Wind induced noise signals or wind noise presents a significant problem to sound reception in a diverse range of portable electronic equipment for outdoors use such as mobile terminals, hearing instruments, headsets, sound recording cameras etc. Wind noise is often annoying during a conversation where it can lower intelligibility of desired speech signals by auditory masking of important speech cues and during sound recordings where wind noise corrupts fidelity of music recordings.
Wind noise is caused by turbulent airflow around surface features proximate to microphone inlet ports of the portable electronic equipment. These surface features convert a steady flow of wind into turbulent pressure fluctuations which are picked up by the microphones like other, but desired, pressure fluctuations. Investigations into causes of wind noise generation in hearing instruments, that are worn behind the user's ear or in the user's ear canal, have even demonstrated that a part of the wind noise is attributable to turbulence created by the airflow around the ear and head of the user, Dillon, H., Roe, I., and Ketch, R. (1999), “Wind noise in hearing aids: Mechanisms and measurements”, Nat. Acoustic Labs Australia. It follows that combating wind noise by redesign of relevant surface features of the portable electronic equipment alone appears to be an unpromising path.

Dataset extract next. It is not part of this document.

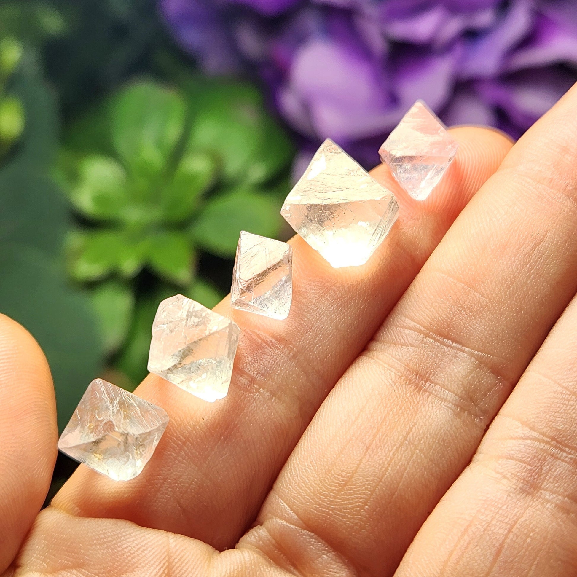 These raw Fluorite stones from Mexico have traces of Yttrium. These specimens have octahedron termination and exhibit glowing translucence with pale pastel hues.

The spectrum and level of the wind noise induced signals have been shown by the present inventor and others to depend on the wind speed and on placement, shape and dimensions of the portable electronic equipment. However, wind noise is mainly concentrated at low frequencies of the audible frequency spectrum. Earlier reports have shown wind noise spectra that are relatively flat below 300 Hz or below 100 Hz. A prior art mechanism to reduce wind noise has been to place a screen over the microphone inlet ports to reduce turbulence, and many effective windscreens have been developed for sound-recording microphones (Wuttke, J. (1991), “Microphones and the wind”, J. Audio Eng. Soc, Vol. 40, pp 809-817). However, a wind screen is often an impractical solution for many types of portable electronic equipment given the normal severe constraints on size and appearance.